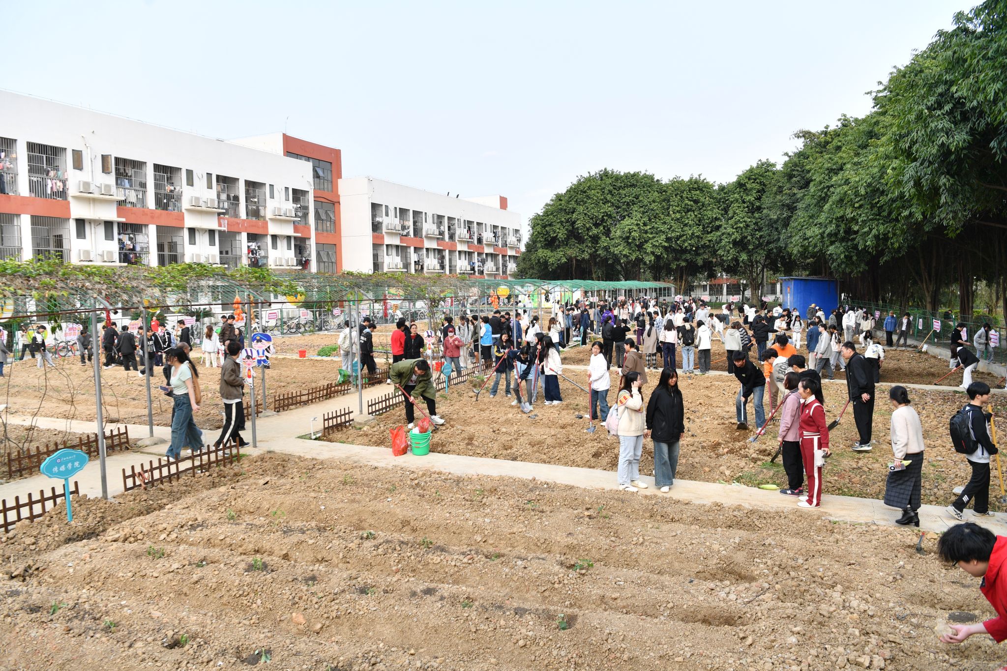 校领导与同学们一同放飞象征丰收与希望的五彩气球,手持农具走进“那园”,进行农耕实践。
------------------------------
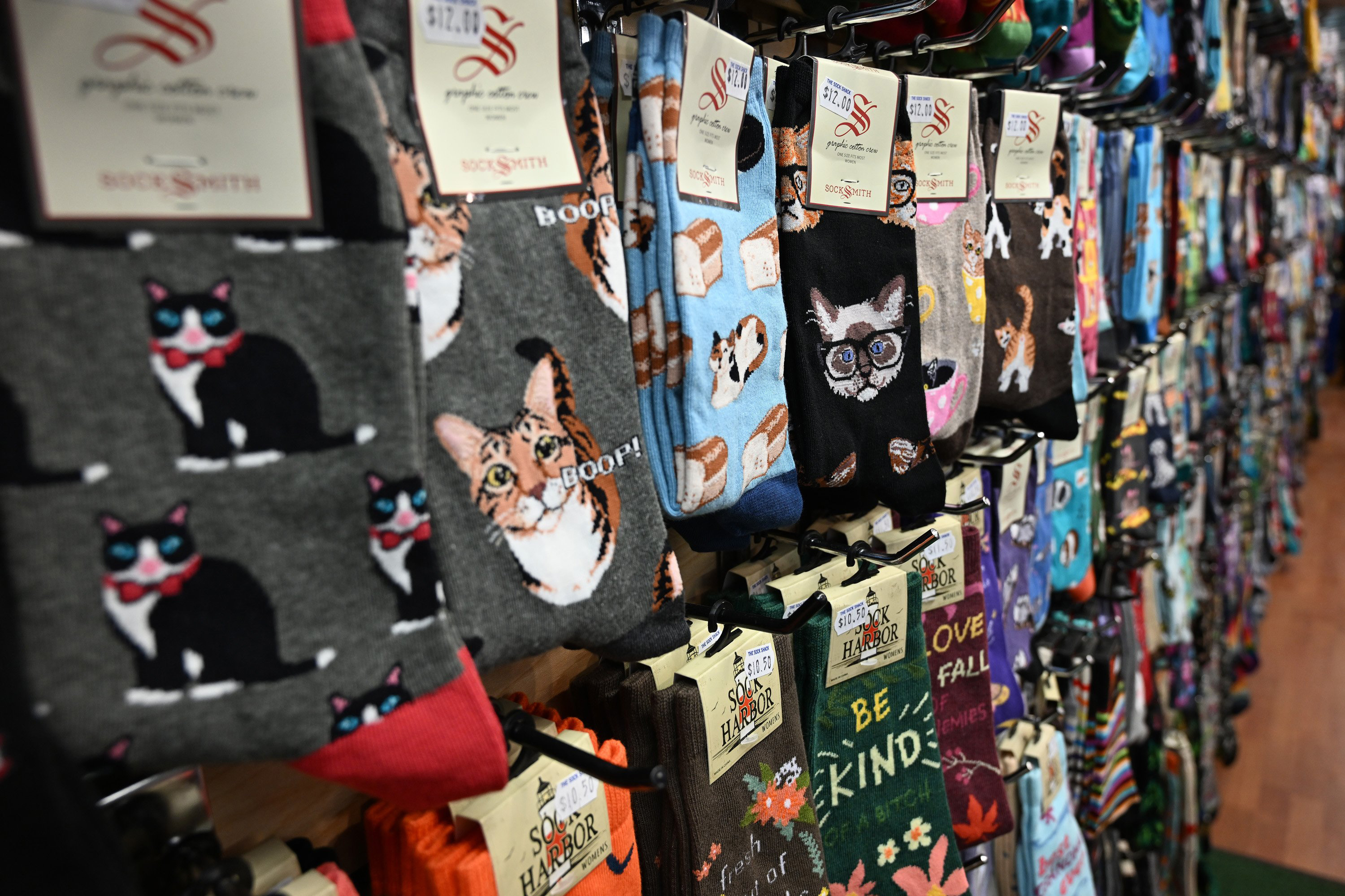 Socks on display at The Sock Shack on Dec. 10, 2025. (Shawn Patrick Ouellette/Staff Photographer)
------------------------------
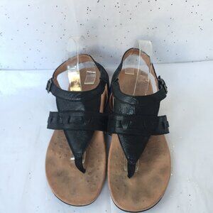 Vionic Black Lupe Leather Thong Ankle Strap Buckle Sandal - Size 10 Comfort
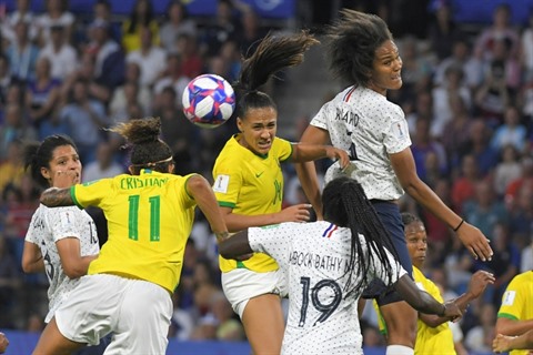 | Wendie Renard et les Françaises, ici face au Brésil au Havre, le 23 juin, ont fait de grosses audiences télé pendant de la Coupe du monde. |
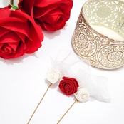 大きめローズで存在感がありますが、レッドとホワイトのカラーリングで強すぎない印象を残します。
------------------------------
Using the records above, return word for word the lines that begin at the one containing "Vionic Black Lupe" and end at the one containing "大きめローズで存在感がありま", both of them included and no pictures.

_RESPONSE TO THE EXERCISE:_
 Vionic Black Lupe Leather Thong Ankle Strap Buckle Sandal - Size 10 Comfort
 | Wendie Renard et les Françaises, ici face au Brésil au Havre, le 23 juin, ont fait de grosses audiences télé pendant de la Coupe du monde. |
 大きめローズで存在感がありますが、レッドとホワイトのカラーリングで強すぎない印象を残します。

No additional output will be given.